Carillon developer sentenced to 1-1/2 years in prison for pandemic loan fraud
A federal judge on Friday sentenced developer Eric Sheppard to one-and-a half years in prison for fraudulently obtaining hundreds of thousands of dollars in emergency loans from a government program meant to help businesses during the COVID-19 pandemic.
In punishing the 55-year-old developer, best known for renovating the Carillon Hotel in Miami Beach, U.S. District Judge Beth Bloom gave Sheppard far less prison time than prosecutors sought. They had accused him of lying when he testified during his January trial that ended with his jury conviction for wire fraud and aggravated identity theft.

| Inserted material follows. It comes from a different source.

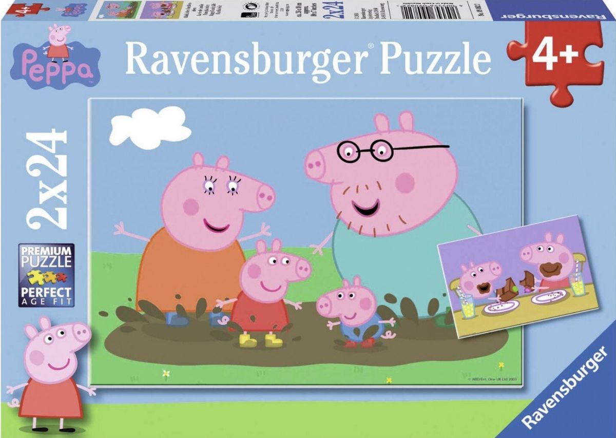 Puzzle 2x24 elementów Ravensburger składają się z 2 układanek po 24 elementy przedstawiających Świnkę Peppę bawiącą się w błocie. Zawartość i cechy zestawu: 2 obrazki przedstawiające motyw ze Świnką Peppą bawiącą się w błocie ilość elementów: 2 x 24 elementy wyraźne motywy na puzzlach, dzięki zastosowaniu struktury naturalnego lnu różnorodne kształty elementów, dzięki ręcznie wykonanej sztancy idealnie dopasowane puzzle do wieku dziecka części odporne na zginanie przeznaczony dla dzieci od 4. roku życia x

Bloom rejected prosecutors’ moves to enhance Sheppard’s sentence based on allegations of obstructing justice and using sophisticated means to exploit the government’s Paycheck Protection Program, but she also denied defense lawyers’ bid for no prison time. He was facing up to two and a half years under federal sentencing guidelines for his crime.
“Certainly this case did not involve Lamborghinis or jewelry,” Bloom said, referring to dozens of PPP loan fraud cases in which South Florida defendants have been convicted of spending their ill-gotten pandemic loans on luxury items instead of business payroll. “But you received money to which you were not entitled.”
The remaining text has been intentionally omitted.